W.A.F. LogoSeminare

Schwerbehinderung

M
Mondlicht
Nov 2016 bearbeitet

Hallo, Wenn ein MA der Schwerbehindert ist mit Ausweis (50 %)- (Rücken / Bandscheibenvorfälle ) an einem behindertengerechten Arbeitsplatz arbeitet, muss er dann die gleiche Arbeitsleistung - Schnelligkeit und Arbeitspensum - wie ein dort arbeitender Nichtbehinderter leisten ??

1.77708

Community-Antworten (8)

K
Kölner

21.09.2014 um 16:18 Uhr

Ja. Warum nicht? Und wenn er es nicht tut, müsste er weitere Erklärungen dafür haben...

...aber ich verstehe die Frage nicht.

K
kratzbuerste

21.09.2014 um 16:46 Uhr

Gibt es denn soll-Vorgaben oder ein Leistungsbeurteilungssystem (natürlich mitbestimmt)? Wer misst wie die Leistung und zieht daraus Rückschlüsse? Und wer ist der Maßstab (der top-Mitarbeiter) oder der Durchschnitt?

N
Nubbel

21.09.2014 um 17:52 Uhr

wer hat denn festgestellt das der arbeitsplatz leidensgerecht ist?

H
Hartmut

21.09.2014 um 23:23 Uhr

Das kommt sehr auf die zu leistende Arbeit an. Wenn diese körperlicher Natur ist, wird er mit seinem Rücken natürlich nicht das gleiche leisten können - sonst wäre er ja nicht schwerbehindert. Wenn er aber z.B. als Rechtsanwalt oder Controller oder so ähnlich arbeitet, also eher 'geistig', dann wird er durchaus Vergleichbares leisten können (und daher auch müssen) wie ein Nicht-Behinderter.

L
Lexipedia

22.09.2014 um 09:53 Uhr

Sollte er die Leistung nicht bringen können kann es unter Umständen einen monitären Ausgleich vom Integrationsamt geben! Sonst kann ich Harmuts Aussage nur unterstützen!

I
ickederdicke

23.09.2014 um 16:21 Uhr

Die 100 % Leistung eines behinderten Mitarbeiters können auch mal von den 100% Leistung welche ein Arbeitgeber fordert abweichen. Dazu kann der AG, wie Lexipedia schrieb,bei dem integrationsamt einen Antrag auf Minderleistungszuschuss stellen. Das Integrationsamt wird dazu den Integrationsfachdienst einschalten, welcher den AN am Arbeitsplatz aufsucht und sich ein eigenes Bild der Sachlage macht. Dieser Zuschuß ist für Mehraufwand der Einweisung/Betreuung, sowie zum Ausgleich der Unterschiede bei der Leistung AN zu geforderter Leistung AG da. Desweiteren kann der AN auch den § 124 SGB IX "setzen", dieser schliesst durch einmalige Willensäusserung an den AG jedwede Mehrarbeit regressfrei aus.

R
Rattle

23.09.2014 um 17:04 Uhr

ist es denn wirklich ein behinderten gerechter Arbeitsplatz, das stellt eigentlich das Integrationsamt gemeinsam mit dem ARG und der SBV fest!

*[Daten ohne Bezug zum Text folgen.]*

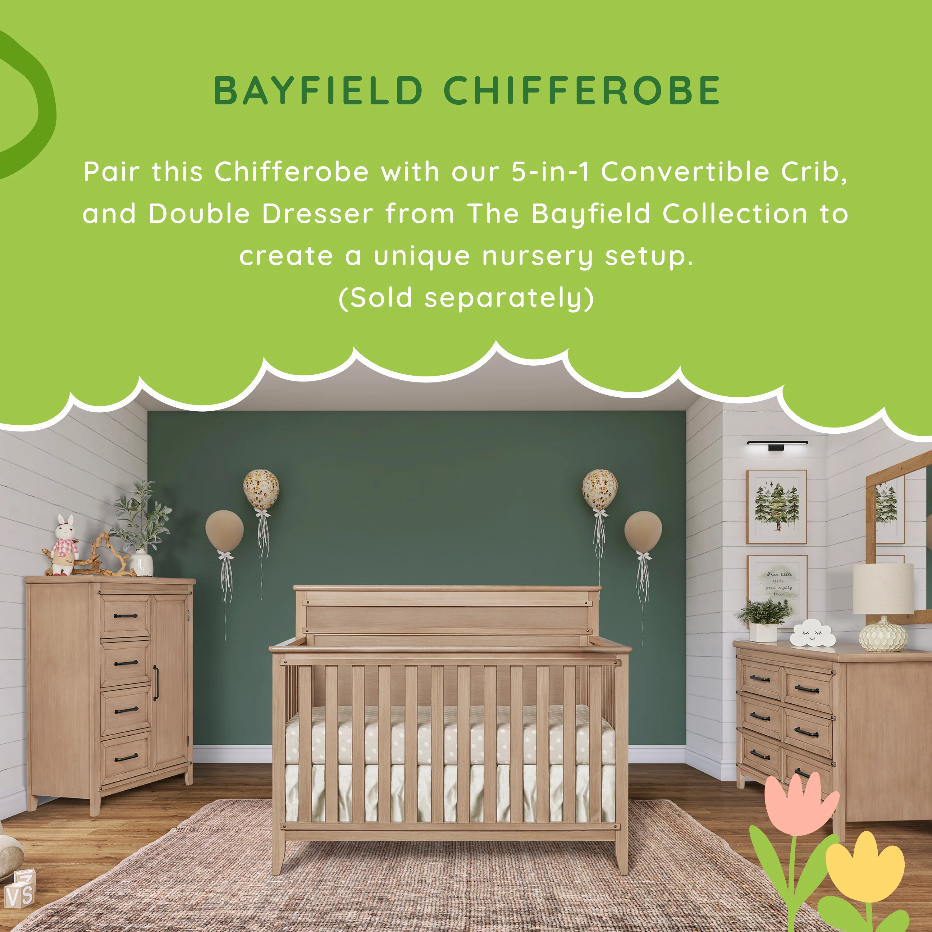 - UNIQUE &CHARMING: Available in 2 classy finishes - Glazed Brush White and Sand Dunes, pair this Chifferobe with our 5-in-1 Convertible Crib, Changing Tray and Double Dresser from The Bayfield Collection to create a unique nursery setup.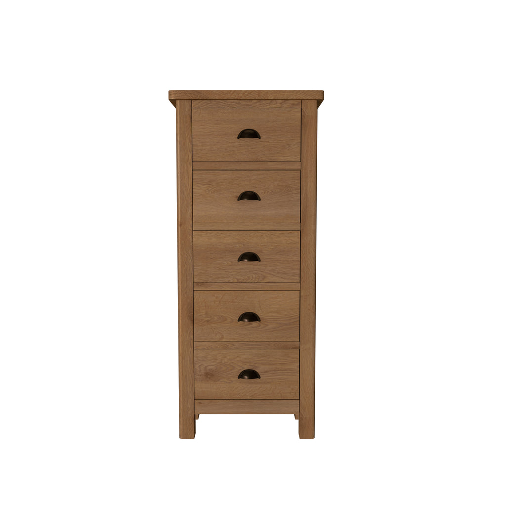 Radnor Oak Bedroom 5 Drawer Narrow Chest of Drawers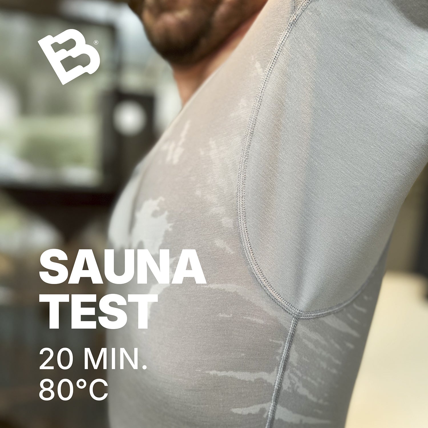 Vi kunde inte låta bli, så vi skickade in Henrik i bastun – iförd anti-sweat t-shirt och skjorta. För ja, det är ju vår plikt att testa t-shirten på alla tänkbara sätt.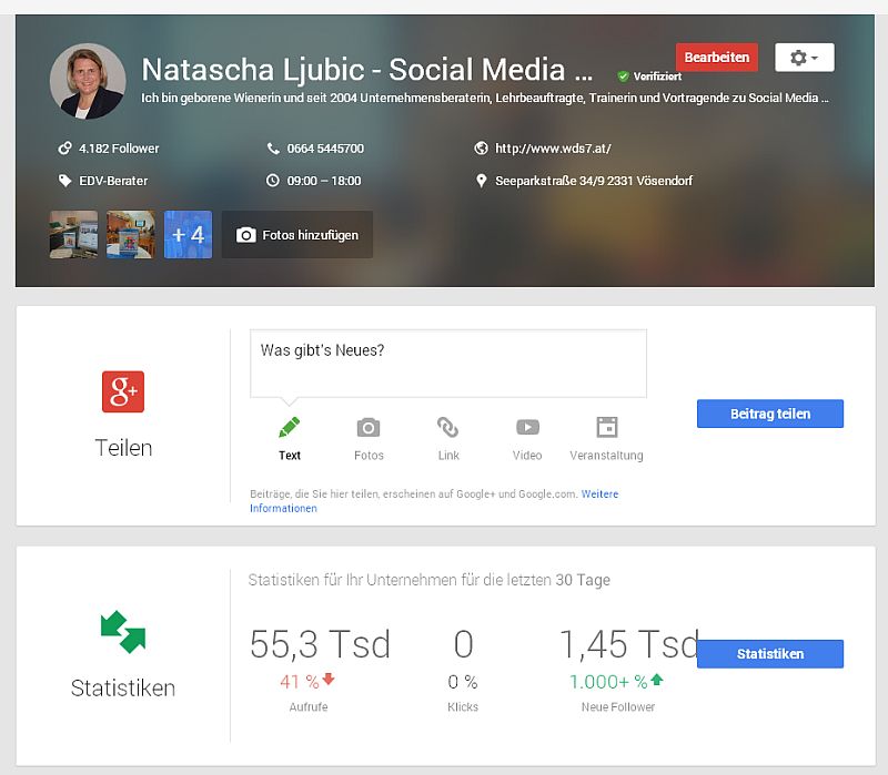 - Neue Unternehmensstatistiken für Google+ Seiten analysieren
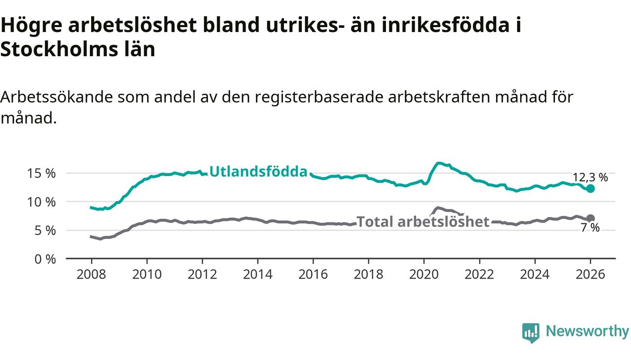 Arbetslösheten bland utlandsfödda var 12,3 procent i Stockholm under januari månad, motsvarande 51 640 av 419 837 personer. Det är 1,0 procentenheter färre än vid samma tidpunkt i fjol (−3 130 om man räknar personer).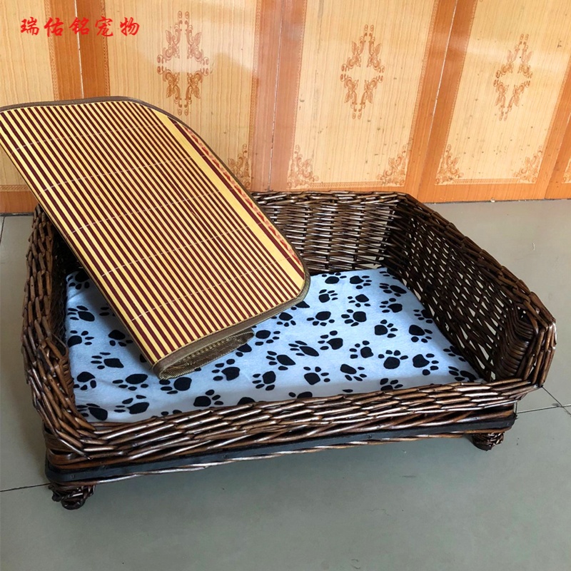 飞嘟乐 狗窝冬天保暖垫藤编狗房夏季四季通用藤编狗窝可拆洗宠物床猫窝金毛泰迪大中小犬四季可用 咖啡色窝 垫子 凉席 三号(体长60cm体25斤以内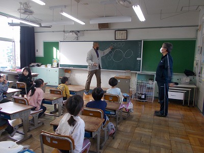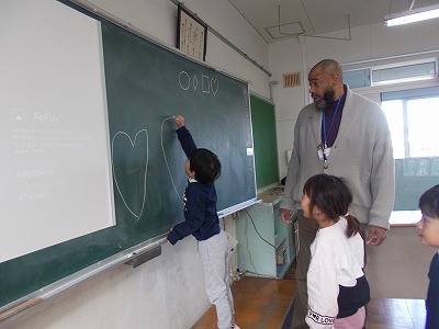 2時間目は、ジェイファーズ先生による英語活動でした。今日は、形や数の言い方を練習しました。ジェイファーズ先生が言われた形を黒板にかいていきます。大きなハートをかく子もいれば、色のチョークを使ってかく子も…。みんな、大喜びです!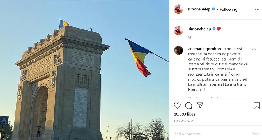 Halep a urcat pe Instagram o fotografie cu tricolorul arborat pe Arcul de Triumf, iar alături a postat o inimioară! Monumentul care comemorează victoria României în Primul Război Mondial nu a mai fost la fel de vizitat precum în anii precedenţi din cauza pandemiei.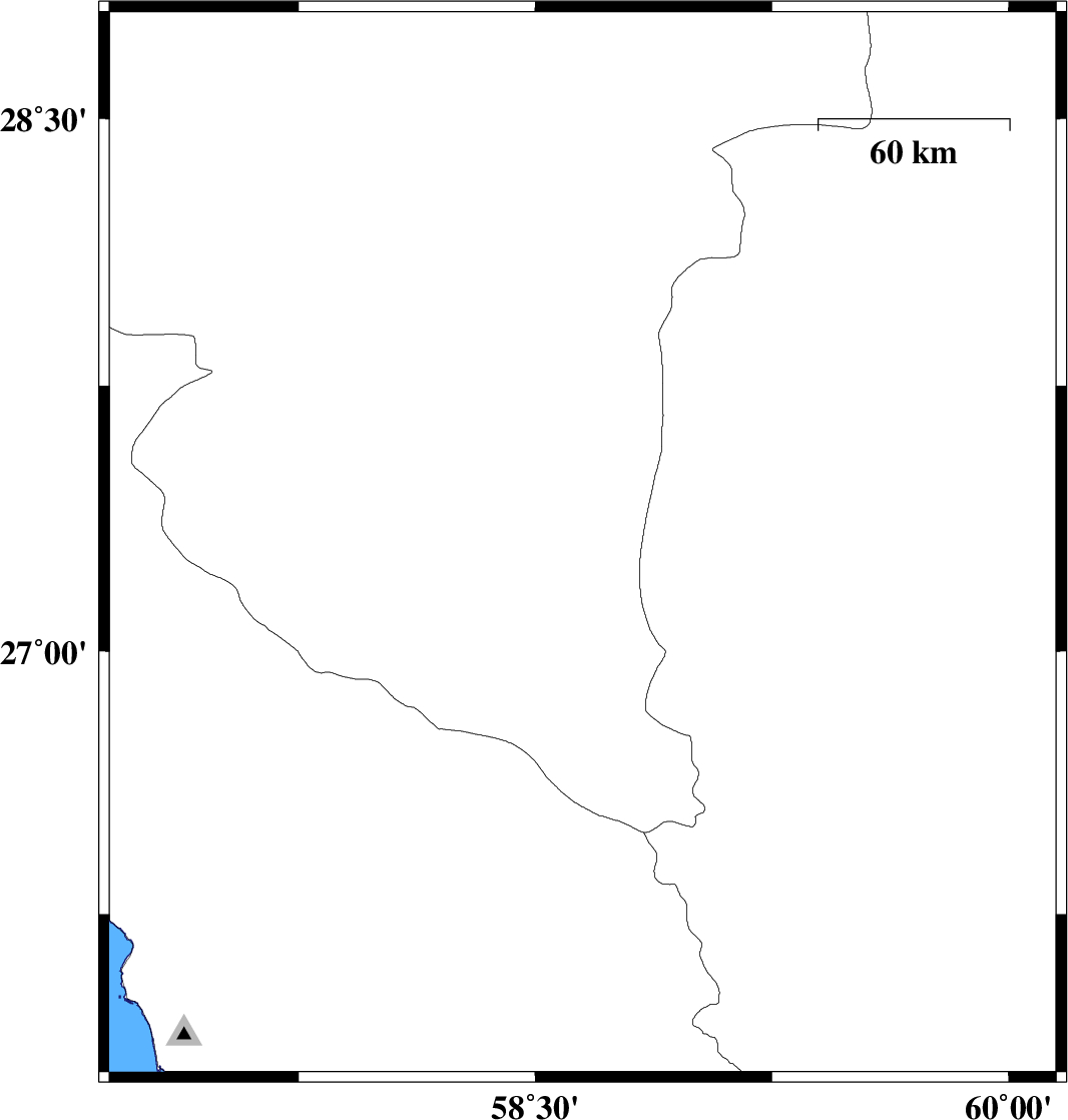 2012/05/07 | 00:29:11.4 | 04:59:11.4 | 27.3 | 58.65 | 15 | ML:3.8 | Kerman Province, 114 km South-East of Manujan | ||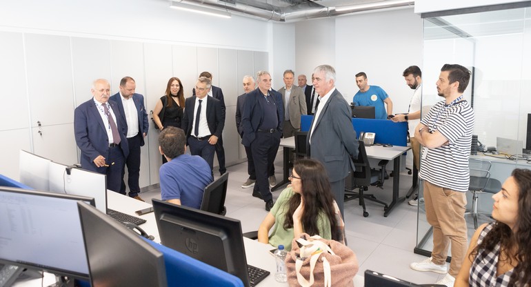 Στη συνέχεια, τα μέλη της ΠΕΕΕΒ επισκέφθηκαν το υπερσύγχρονο gaiasense HUB, το δεύτερο ιδιόκτητο κτήριο της NEUROPUBLIC, όπου τους υποδέχτηκε η Διευθύνουσα Σύμβουλος της GAIA Επιχειρείν, Έλλη Τσιφόρου. Ακολούθησε ξενάγηση στην πλήρως αυτοματοποιημένη γραμμή παραγωγής, την αποθήκη, αλλά και στο δεύτερο data center της NEUROPUBLIC, ενώ τους δόθηκε η ευκαιρία να συνομιλήσουν με τους γεωπόνους του ολοκληρωμένου, καινοτόμου συστήματος ευφυούς γεωργίας gaiasense by NEUROPUBLIC και να ενημερωθούν για τις τεχνολογίες αιχμής που υποστηρίζει το HUB.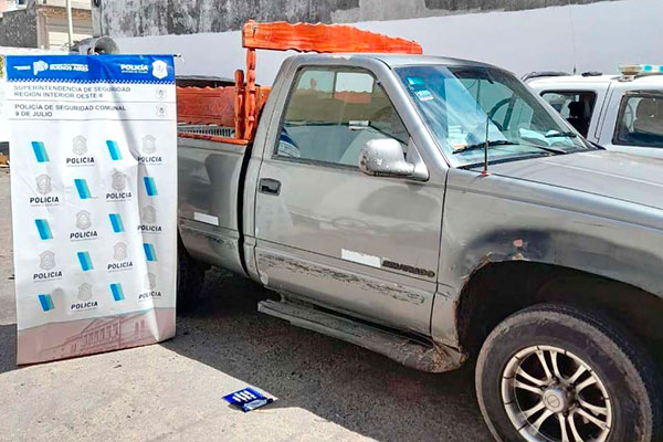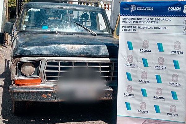 La Estación de Policía Comunal de 9 de Julio informó que en el mediodía de ayer, personal de la dependencia procedió, en calles Marinero Arce y Rafael Obligado de este medio a la interceptación de una camioneta Ford F-100 despintada, conducida por un masculino de 18 años, y a quien acompañaba otro masculino de 16 años; y una camioneta Chevrolet Silverado, color gris, conducida por masculino de 37 años, acompañado por un menor de 14, todos oriundos de la localidad de Merlo, Provincia de Buenos Aires.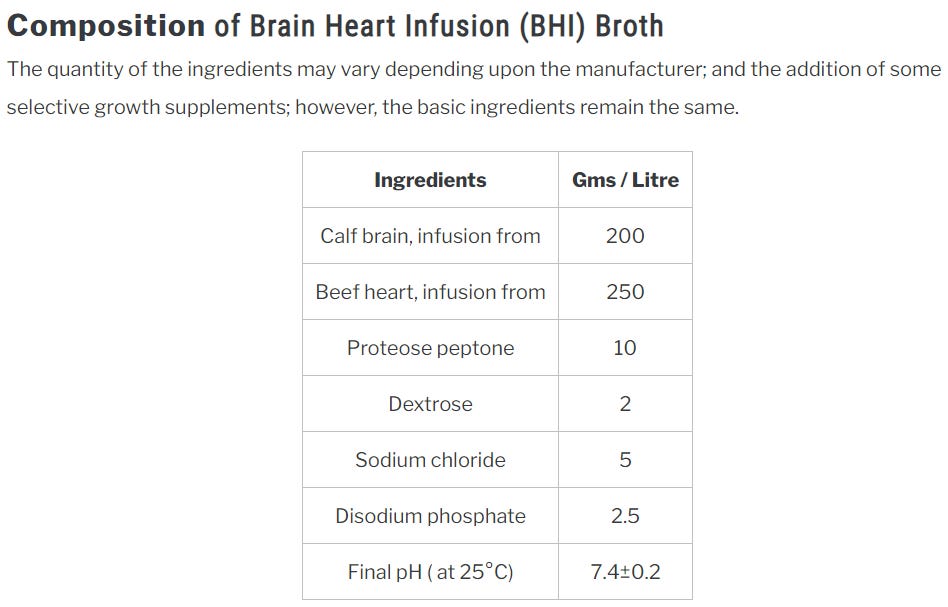 Brave Jonas obtained the virus how everyone obtains viruses - by taking “throat washings” from a patient who was sick. “Ok, so they had a sick person spit in a cup?”, you ask. No, of course not, you silly conspiracy theorist! They obtained throat washings, also referred to as garglings, by dripping BHI Infusion Broth into sick peoples noses. Puzzled, you inquire, “What exactly is this so-called infusion broth?”. To which I exclaim, “Exactly what is needed to extract the virus! It’s calf brain, beef heart, lab-made salt, stuff isolated from cow’s milk, you know, stuff like that. Virus extractor stuff.”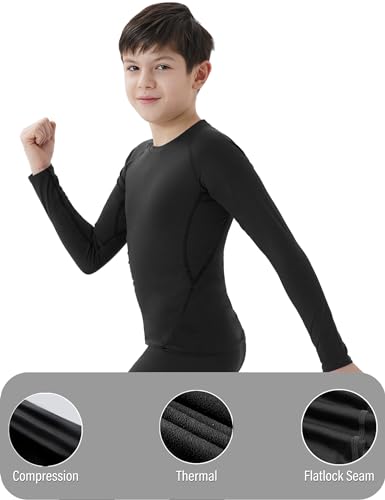 • ❤[Snug Fit for Optimal Performance] The compression fit of this boys long-sleeved base layer top provides a snug, second-skin feel that helps improve athletic performance by reducing muscle oscillation and providing targeted support.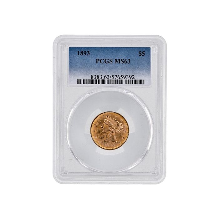 Purchase the 1893 PCGS MS-63 $5 Liberty Half Eagle Gold Coin online, 24/7, from SD Bullion.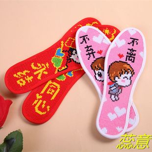 全满绣纯手工成品十字绣花鞋 垫纯棉吸汗除臭透气结婚庆礼品

beurteilen können wir das nicht weil wir den Arbeitsplatz nicht kennen wie er verändert (Sitzgelegenheit)wurde oder was für Pausen vereinbart wurden um den Rücken zu schonen?

wenn alles nur vom ARG so festgelegt wurde ist das null und nichtig und ich würde die SBV auffordern zu handeln.

W
Widder

23.09.2014 um 18:30 Uhr

Ergänzend dazu könnte dies in einem TV, oder einer BV so geregelt sein, das der Schwerbehinderte eine Leistungsminderung geltend machen kann. Dementsprechend wird er dann auch nicht mehr vor die gleichen Herausforderungen
( erwartete Leistung ) wie ein Nichtbehinderter MA gestellt.